Am  14. Juni 1944 stand das Schickal Finnlands auf des  Messers Schneide. Die sowjetische Armee führte  auf der Karelischen Landenge einen Grossangriff durch, und die Verteidigungslinien der Finnen zerbrachen wie Eierschalen, um es mit den Worten eines finnischen Autors zu sagen.

 

 

Für den erfolgsgewohnten Marschall Mannerheim, den Oberbefehlshaber der finnischen Armee, war es die bitterste Stunde seines Lebens.

 

Mannerheim nämlich war an dieser schwierigen Situation zu einem guten Teil selber schuld. Es hatte deutliche Hinweise darauf gegeben, dass Stalin einen Grossangriff in der karelischen Landenge plante. Der Marschall aber hatte  diese Hinweise falsch interpretiert. Und so kam es, dass sich wichtige Teile der finnischen Truppe im entscheidenden Moment nicht dort befanden, wo der Grossangriff stattfand und wo sie dringend benötigt worden wären.

 

In dieser misslichen Lange erinnerte sich Mannerheim an den Generalleutnant Oesch  - an einen Mann, den ein Biograph als ‚omapäinen mutta tehokas‘ bezeichnet hat: Als einen eigenständigen (oder gar eigenwilligen), aber effizienten Offizier.

 

Dass er tatkräftig war, hatte Oesch im Winterkrieg bewiesen. Dort hatten unter seinem Kommando finnische Soldaten einer mehrfachen Übermacht an sowjetischen Soldaten standgehalten.

 

Man sagt, dass Mannerheim seinem Adjudanten befahl, sich telefonisch mit Oesch in Verbindung zu setzen. Der Anruf des Adjudanten begann mit den dramatischen Worten: ‚Kanaksella on asiat päin helvettiä‘  - was in etwa heisst, dass die Situation auf der karelischen Landenge geradewegs auf die Hölle zusteuert.  

 

 

Mannerheim befahl Oesch, sich zur karelischen Landenge zu begeben.

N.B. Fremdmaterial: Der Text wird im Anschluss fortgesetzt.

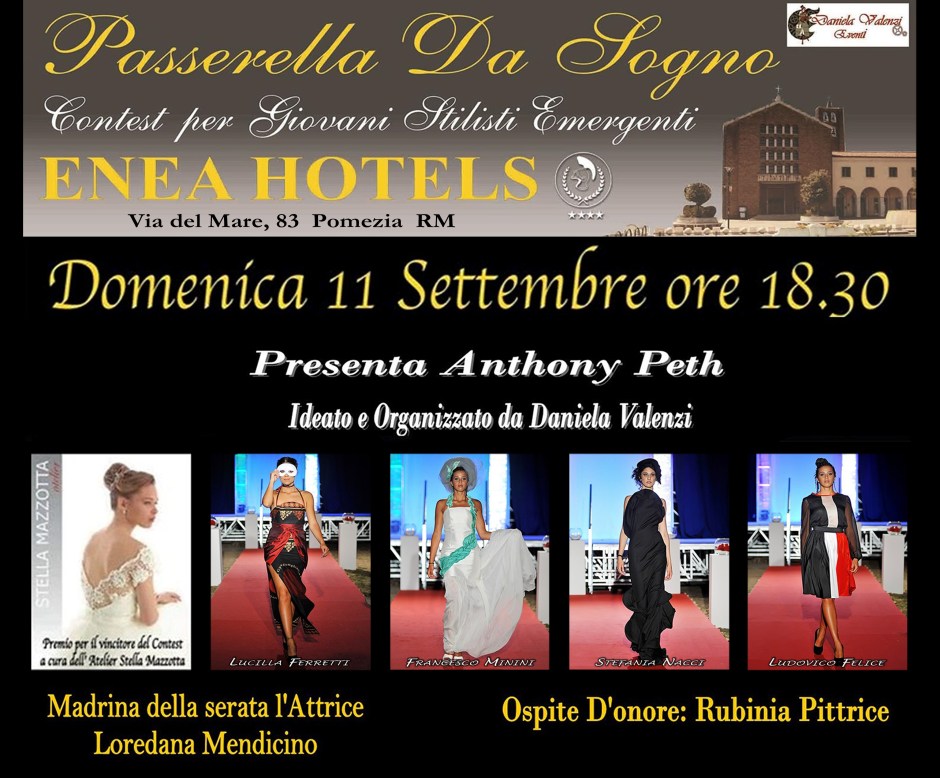 Nella sezione Talenti, capeggiati dalla Madrina Fioretta Mari premiata nell’occasione per la sua carriera, oltre ai nomi gia’ annunciati alla stampa nei giorni scorsi (Silvio Pacicca, Graziella Terrei, Roy Geraci, Iskra Menarini, Marco Vito ed Ivan Lazzara, Gianluca Sole, Marco D’Angelo, Marco Di Franco, Dradi Dimitar, Orazio Fazio, Vincenzo Merli, Alessia Caudatella, Pablo Gil Cagne’, Gennaro Diana, Gaia Barlocco, Pietro Gorgone e Lucia Simoneski, Caterina Abela) si sono aggiunti quelli dell’ attore Fabrizio Romagnoli e di un grande personaggio che ritirera’ il suo riconoscimento per l’annosa attivita’ lavorativa al top nel campo della Moda internazionale: lo stilista Carlo Alberto Terranova.
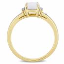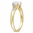 This charming halo engagement ring is crafted in 10-karat yellow gold. This classic wedding ring features a single cushion cabochon-cut, glittering opal gemstone along with 10 round-cut sparkling diamonds beautifully embellished on it. Enhanced with a high polish finish, this beautiful gemstone and diamond ring is a great addition to any jewellery collection. This style represents the combination of natural sophistication and beauty.

Die dortigen Truppen unterstanden seinem Befehl. Das bedeutete, dass ab diesem Zeitpunkt Oesch zwei Drittel der finnischen Armee unter seinem Kommando hatte   - wobei er wusste, dass mit dieser Aufgabe auch sein persönliches Schicksal verknüpft war: ‚Entweder erledige ich diese Aufgabe erfolgreich, oder es gibt mich nicht mehr‘, soll Oesch gesagt haben.

 

 

Oesch machte sich auf den Weg. Er setzte sich in den Wagen, der ihn zu seinem neuen Kommandoposten führte.

 

Je näher er sich diesem Posten näherte, desto deutlicher war der Gefechtslärm zu vernehmen.